AI Article Synopsis
- Molecular dynamics (MD) simulations have significantly advanced since the 1950s, overcoming previous limitations related to size and duration due to improved algorithms and faster computing technology.
- With these advancements, MD can now explore longer biological timescales and a wider variety of conformational changes, including rare events.

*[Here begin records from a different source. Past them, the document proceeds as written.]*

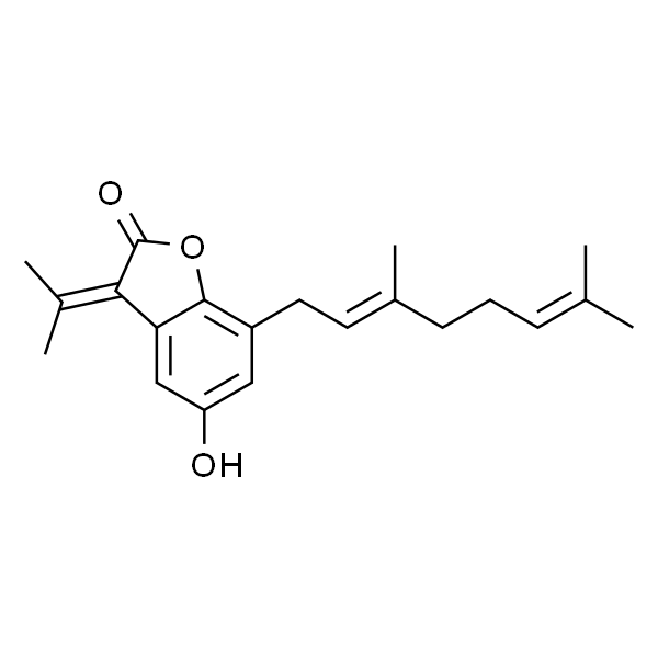 InChI=1S/C21H26O3/c1-13(2)7-6-8-15(5)9-10-16-11-17(22)12-18-19(14(3)4)21(23)24-20(16)18/h7,9,11-12,22H,6,8,10H2,1-5H3/b15-9+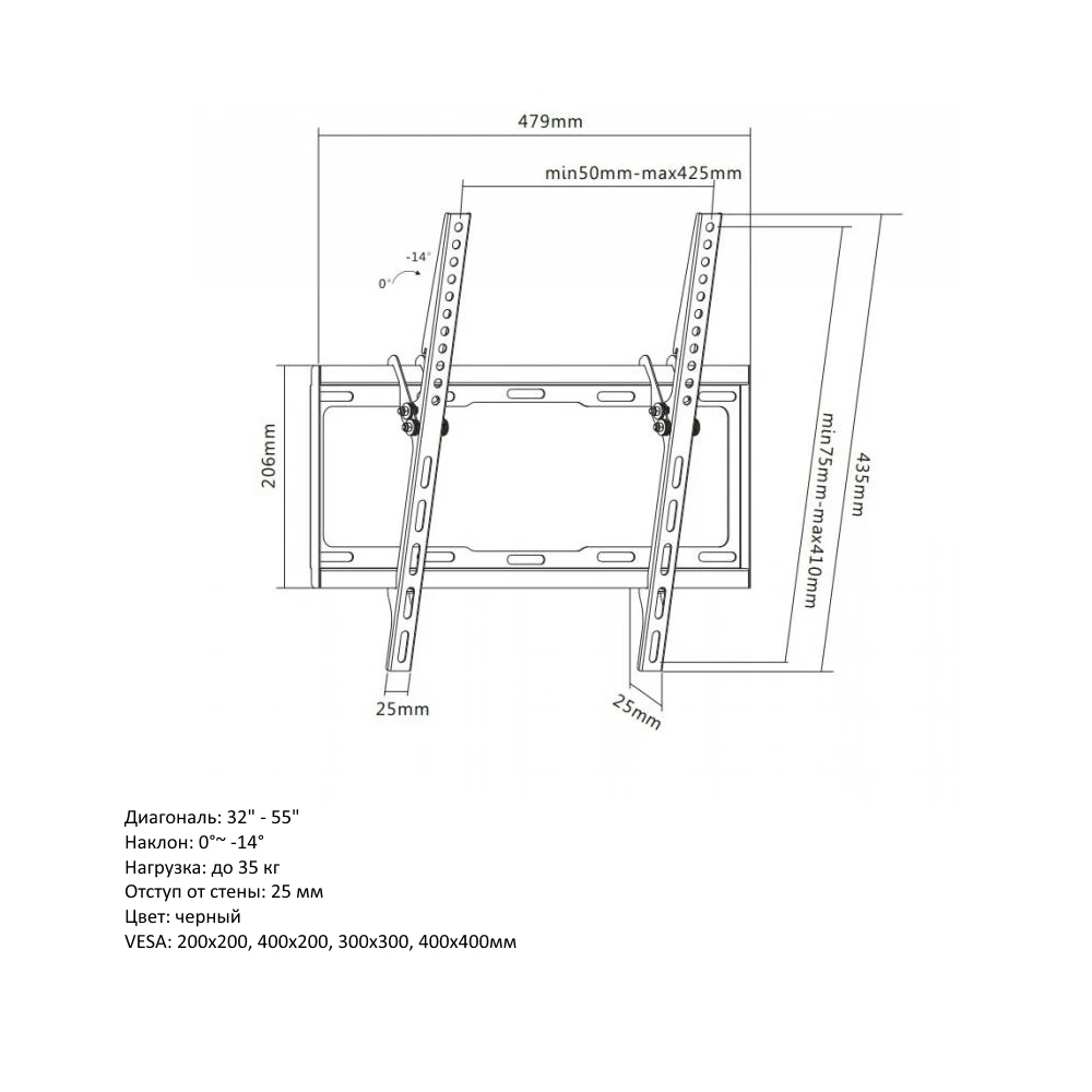 Настенный кронштейн Logan inc. Universe 4 с функцией наклона позволит надежно и без лишних затрат закрепить телевизор диагональю от 32" до 55" и весом до 35 кг на стене Вашего дома или офиса. Фиксированный отступ от стены данной модели составляет всего 25 мм, что делает эту модель одной из самых тонких на рынке. Функция наклона данной модели кронштейна позволит зафиксировать телевизор под углом 0° вверх до 14° вниз.
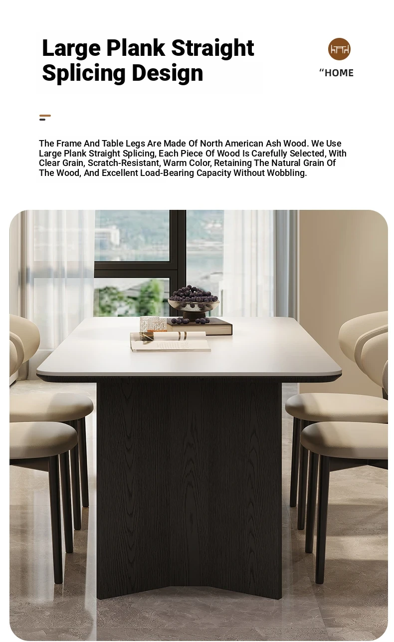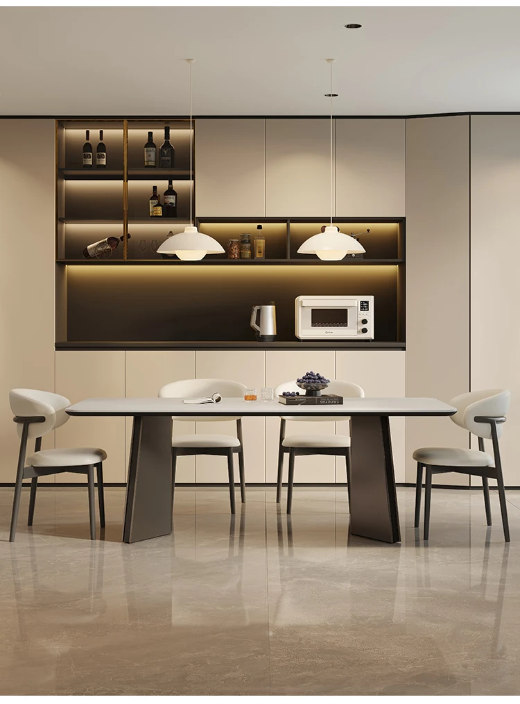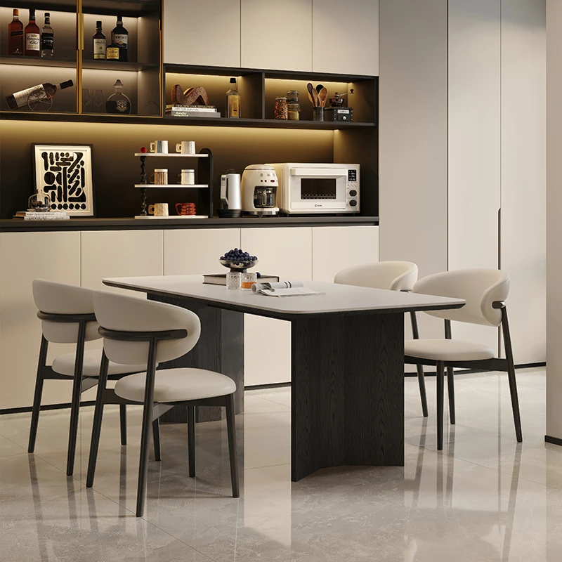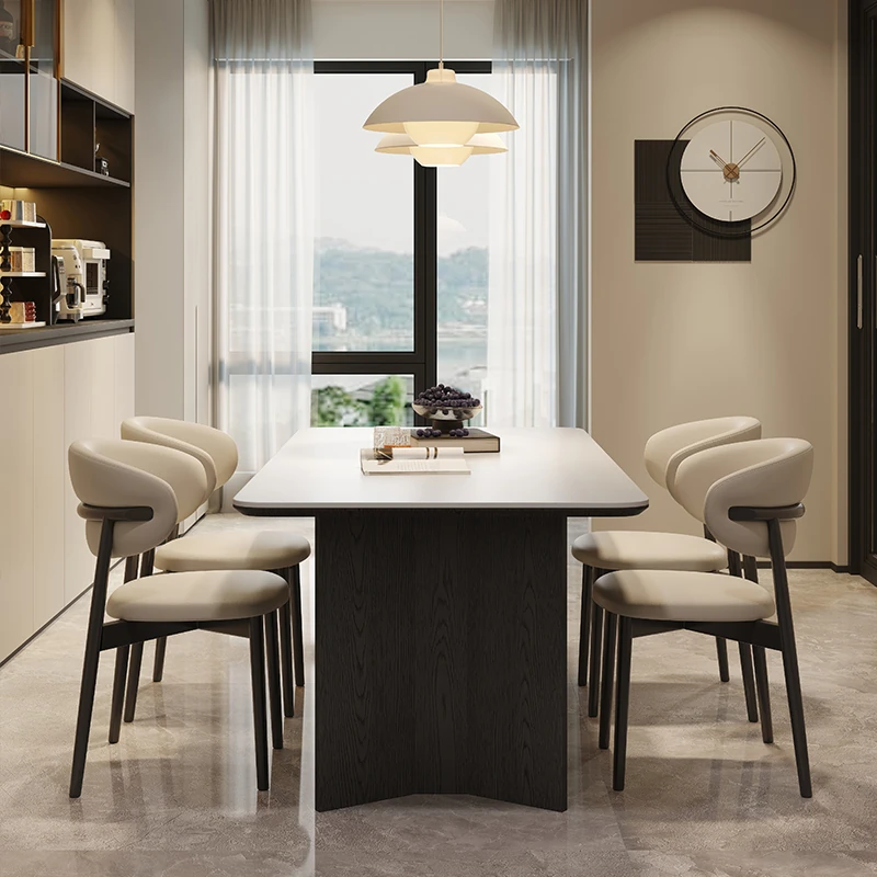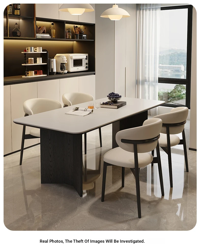 Retro Rectangular Solid Wood Dining Table Set with Rock Plate - Modern Minimalist Design for Small Spaces, Perfect for Home Use.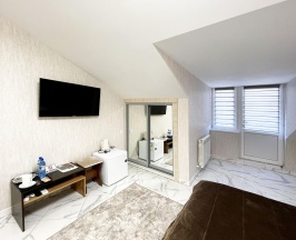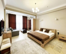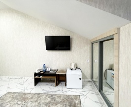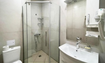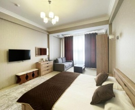Номер может быть рассчитан на трехместное размещение, в номере кроме двухспальной кровати имеется диван-кровать, номер также оснащен душевой кабиной, в номере: гардероб, рабочий стол, телевизор, холодильник, электрический чайник, санитарно-гигиенические принадлежности, фен.

- The study analyzes multiple simulations of the zinc finger NEMO protein (2JVX) of varying lengths (15, 30, 1000, and 3000 ns) to determine when shorter simulations are adequate versus when longer ones are necessary.
Article Abstract
Molecular dynamics (MD) simulation methods have seen significant improvement since their inception in the late 1950s. Constraints of simulation size and duration that once impeded the field have lessened with the advent of better algorithms, faster processors, and parallel computing. With newer techniques and hardware available, MD simulations of more biologically relevant timescales can now sample a broader range of conformational and dynamical changes including rare events. One concern in the literature has been under which circumstances it is sufficient to perform many shorter timescale simulations and under which circumstances fewer longer simulations are necessary. Herein, our simulations of the zinc finger NEMO (2JVX) using multiple simulations of length 15, 30, 1000, and 3000 ns are analyzed to provide clarity on this point.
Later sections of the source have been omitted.